> [Source information]
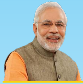
नरेंद्र मोदी प्रधानमंत्री
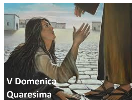
V Domenica Quaresima
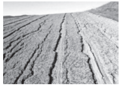
三笠 そば畑の表土流出
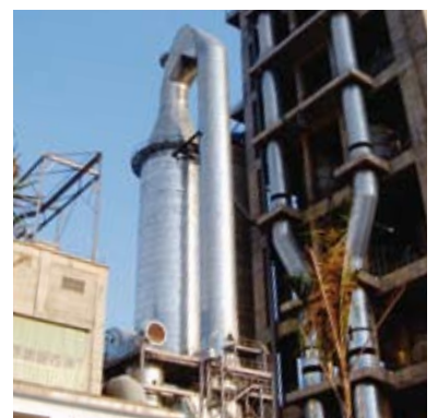
ZEMENTWERK, Vietnam WÄRMETAUSCHEROFEN
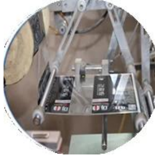
Film kaplı makine
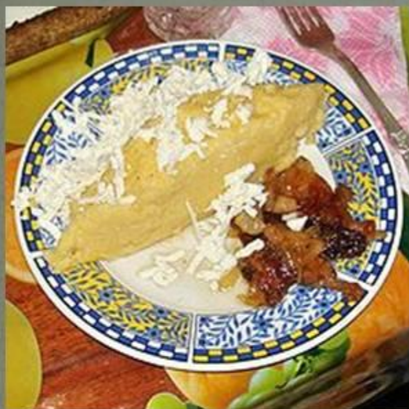
Мамалыга с брынзой и шкварками

Молдавская кухня — национальная кухня Молдавии. Молдавия расположена в регионе богатых природных возможностей, винограда, фруктов и разнообразных овощей, а также овцеводства и птицеводства, что обуславливает богатство и разнообразие национальной кухни.
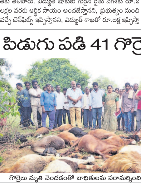
గొర్రెలు మృతి చెందడంతో బాధితులను పరామర్శించిన తహసీల్దార్, కౌన్సిలర్
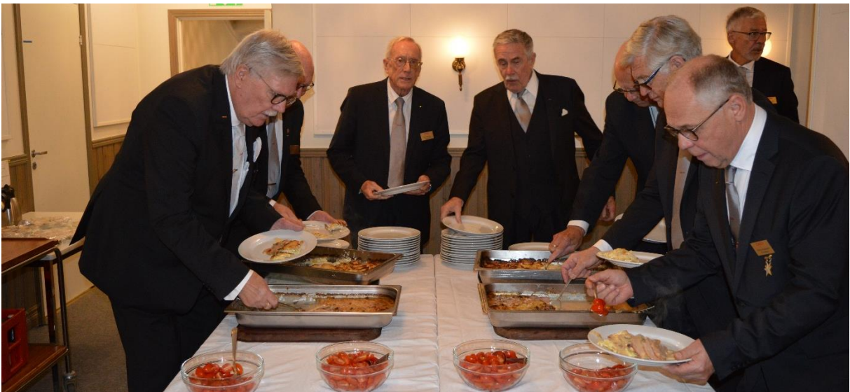
Det var strykande åtgång.

På menyn stod kasslergratäng med potatisgratäng.
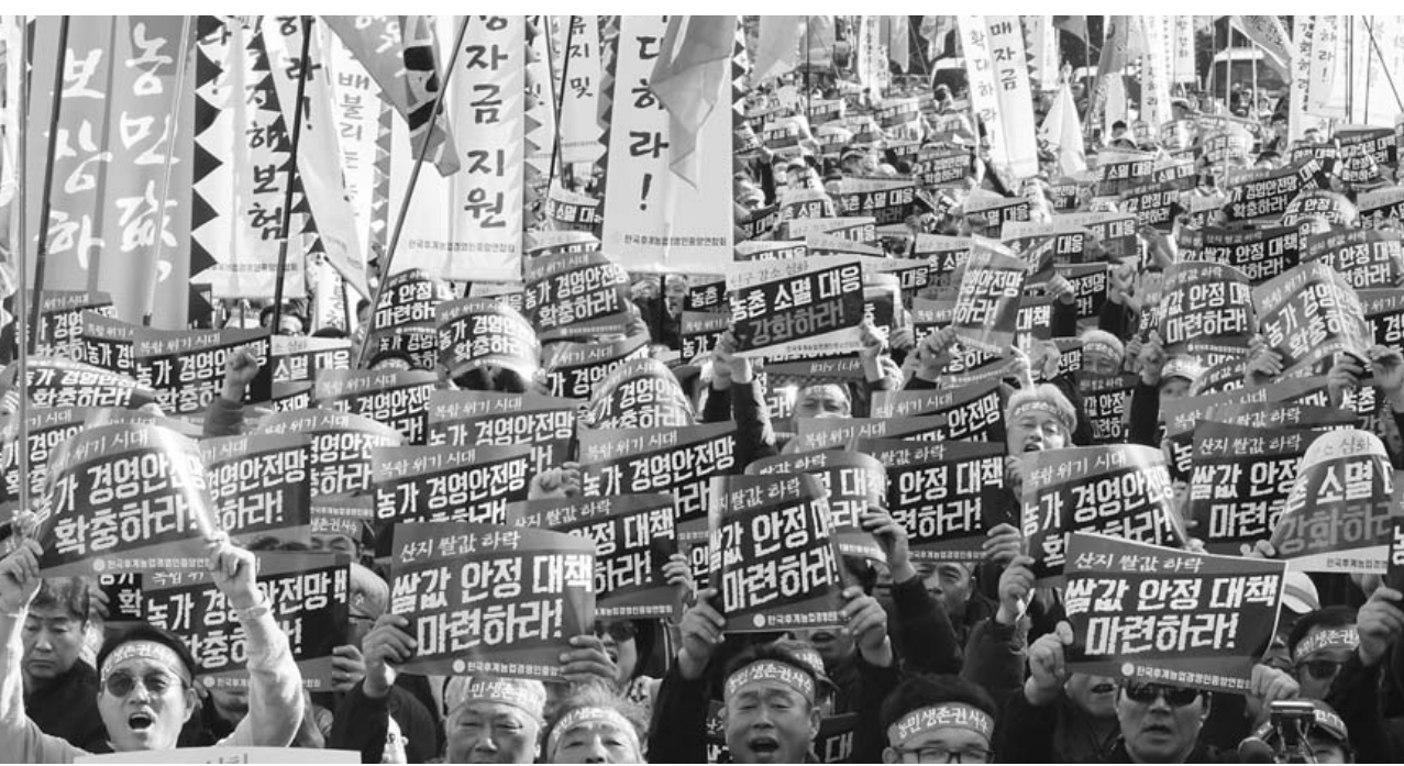
쌀값 안정대책 마련하라! 한국농협중앙회농정혁신촉구농민총궐기대회를 열고 구호를 외치며 쌀값안정대책 마련을 촉구하고 있다.
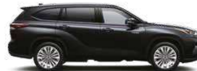
218 שחור מיקה מטאלי
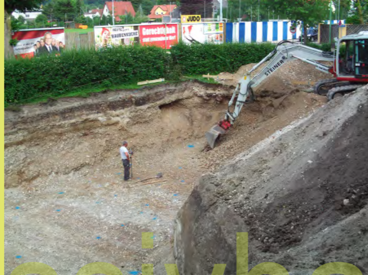
02_Ein riesen Loch
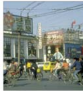
China înregistrează cea mai mare creștere economică a ultimilor șase ani

> [About this task]
Before duplicating the entries above, strip out the pictures and keep the rest exact.

> [Exercise answer]
नरेंद्र मोदी प्रधानमंत्री
V Domenica Quaresima
三笠 そば畑の表土流出
ZEMENTWERK, Vietnam WÄRMETAUSCHEROFEN
Film kaplı makine
Мамалыга с брынзой и шкварками

Молдавская кухня — национальная кухня Молдавии. Молдавия расположена в регионе богатых природных возможностей, винограда, фруктов и разнообразных овощей, а также овцеводства и птицеводства, что обуславливает богатство и разнообразие национальной кухни.
గొర్రెలు మృతి చెందడంతో బాధితులను పరామర్శించిన తహసీల్దార్, కౌన్సిలర్
Det var strykande åtgång.

På menyn stod kasslergratäng med potatisgratäng.
쌀값 안정대책 마련하라! 한국농협중앙회농정혁신촉구농민총궐기대회를 열고 구호를 외치며 쌀값안정대책 마련을 촉구하고 있다.
218 שחור מיקה מטאלי
02_Ein riesen Loch
China înregistrează cea mai mare creștere economică a ultimilor șase ani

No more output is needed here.